==== MATERIAL SUPPLIED
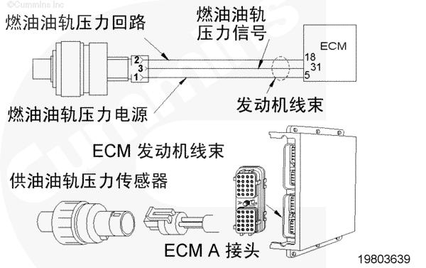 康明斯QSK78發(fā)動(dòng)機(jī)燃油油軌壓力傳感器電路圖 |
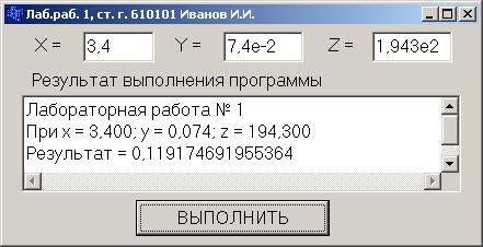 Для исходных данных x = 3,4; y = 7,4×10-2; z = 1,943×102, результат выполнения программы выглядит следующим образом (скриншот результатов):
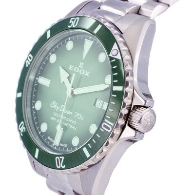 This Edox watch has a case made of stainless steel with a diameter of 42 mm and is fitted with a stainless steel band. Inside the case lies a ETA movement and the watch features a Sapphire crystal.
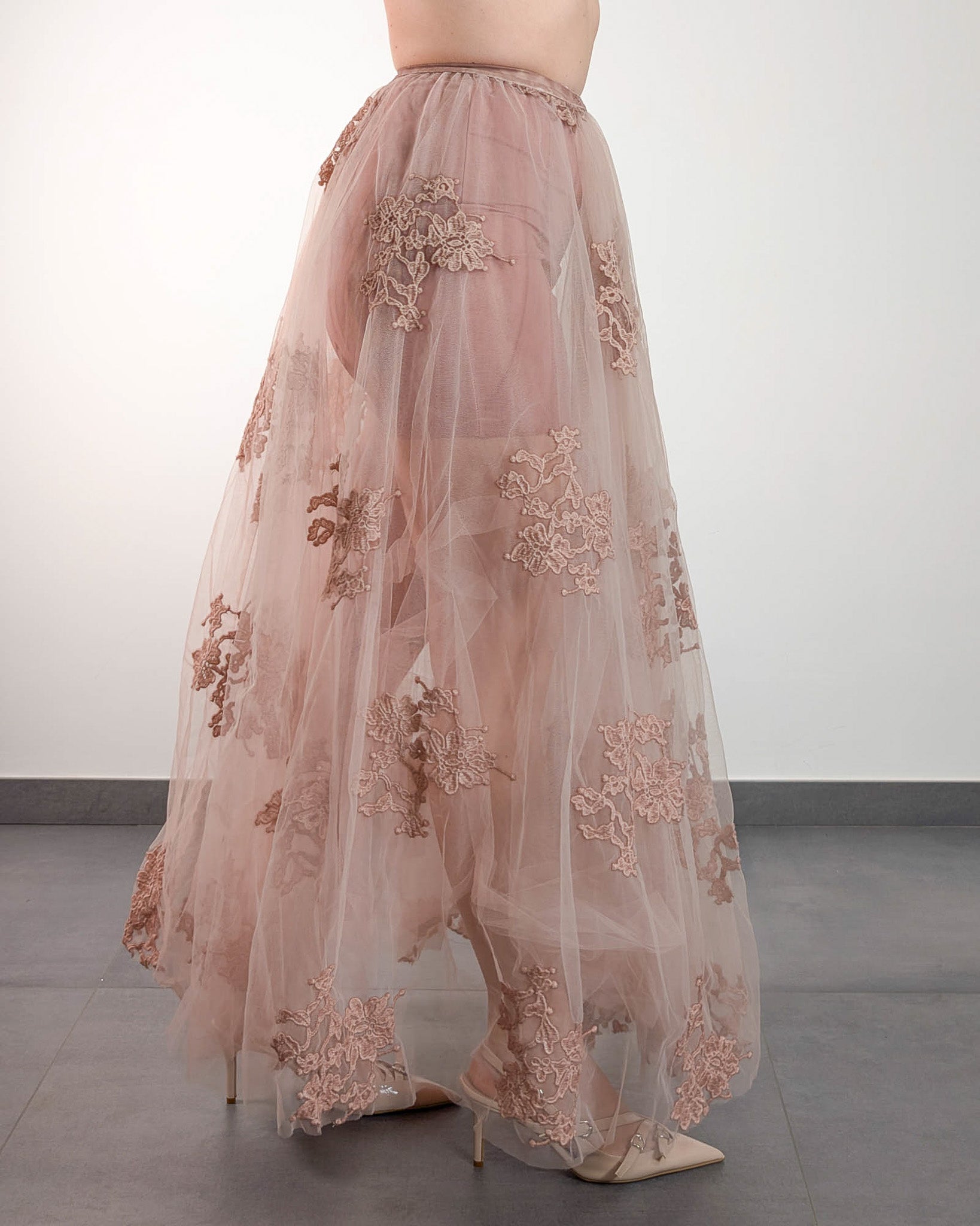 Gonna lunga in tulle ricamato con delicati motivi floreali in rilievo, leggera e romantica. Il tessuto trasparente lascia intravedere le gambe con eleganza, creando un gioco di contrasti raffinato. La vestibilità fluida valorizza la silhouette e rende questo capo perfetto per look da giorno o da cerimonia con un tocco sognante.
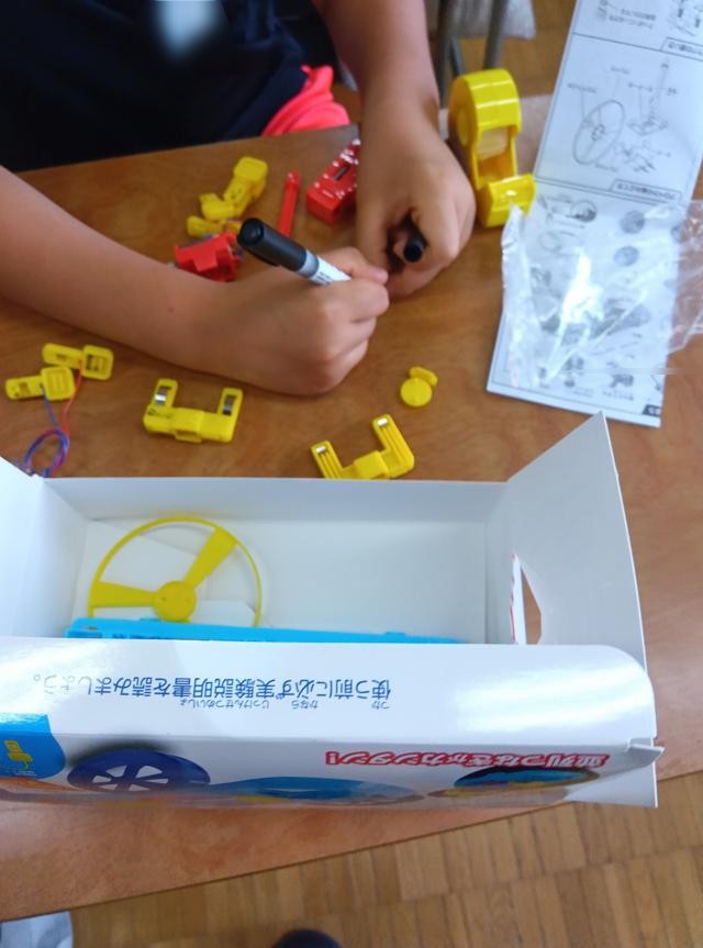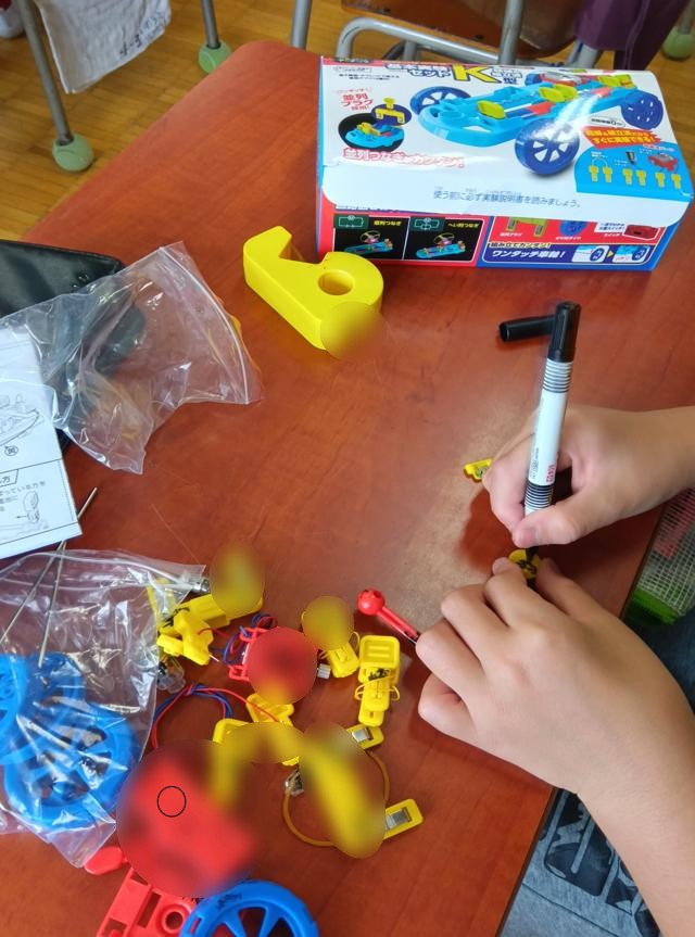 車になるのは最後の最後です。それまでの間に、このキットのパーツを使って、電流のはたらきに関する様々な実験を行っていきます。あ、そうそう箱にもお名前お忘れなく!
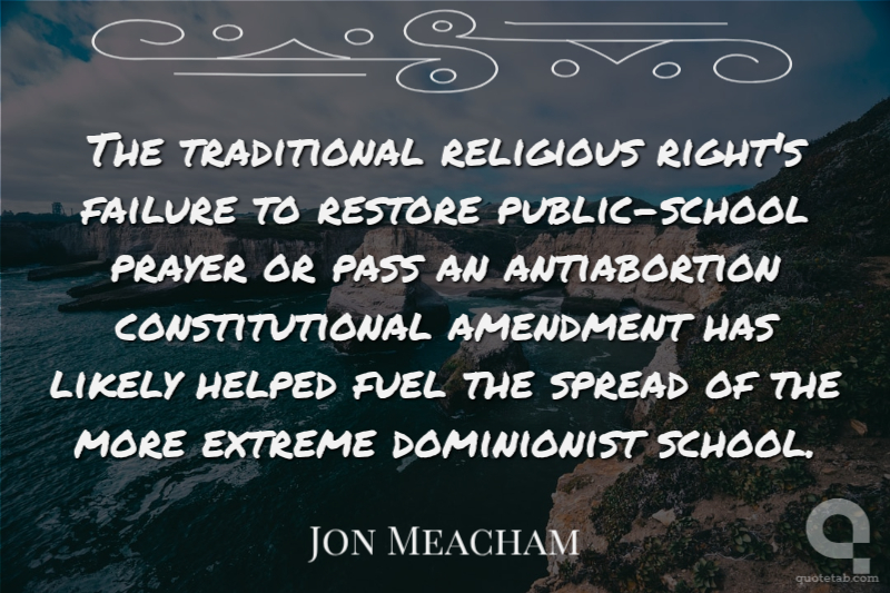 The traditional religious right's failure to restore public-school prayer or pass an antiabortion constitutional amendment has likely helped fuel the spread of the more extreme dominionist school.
========
• [ASSIGNED TASK]
Word for word, print all of the data; skip the pictures.

• [SOLUTION TO THE EXERCISE]
 康明斯QSK78發(fā)動(dòng)機(jī)燃油油軌壓力傳感器電路圖 |
 Для исходных данных x = 3,4; y = 7,4×10-2; z = 1,943×102, результат выполнения программы выглядит следующим образом (скриншот результатов):
 This Edox watch has a case made of stainless steel with a diameter of 42 mm and is fitted with a stainless steel band. Inside the case lies a ETA movement and the watch features a Sapphire crystal.
 Gonna lunga in tulle ricamato con delicati motivi floreali in rilievo, leggera e romantica. Il tessuto trasparente lascia intravedere le gambe con eleganza, creando un gioco di contrasti raffinato. La vestibilità fluida valorizza la silhouette e rende questo capo perfetto per look da giorno o da cerimonia con un tocco sognante.
 車になるのは最後の最後です。それまでの間に、このキットのパーツを使って、電流のはたらきに関する様々な実験を行っていきます。あ、そうそう箱にもお名前お忘れなく!
 The traditional religious right's failure to restore public-school prayer or pass an antiabortion constitutional amendment has likely helped fuel the spread of the more extreme dominionist school.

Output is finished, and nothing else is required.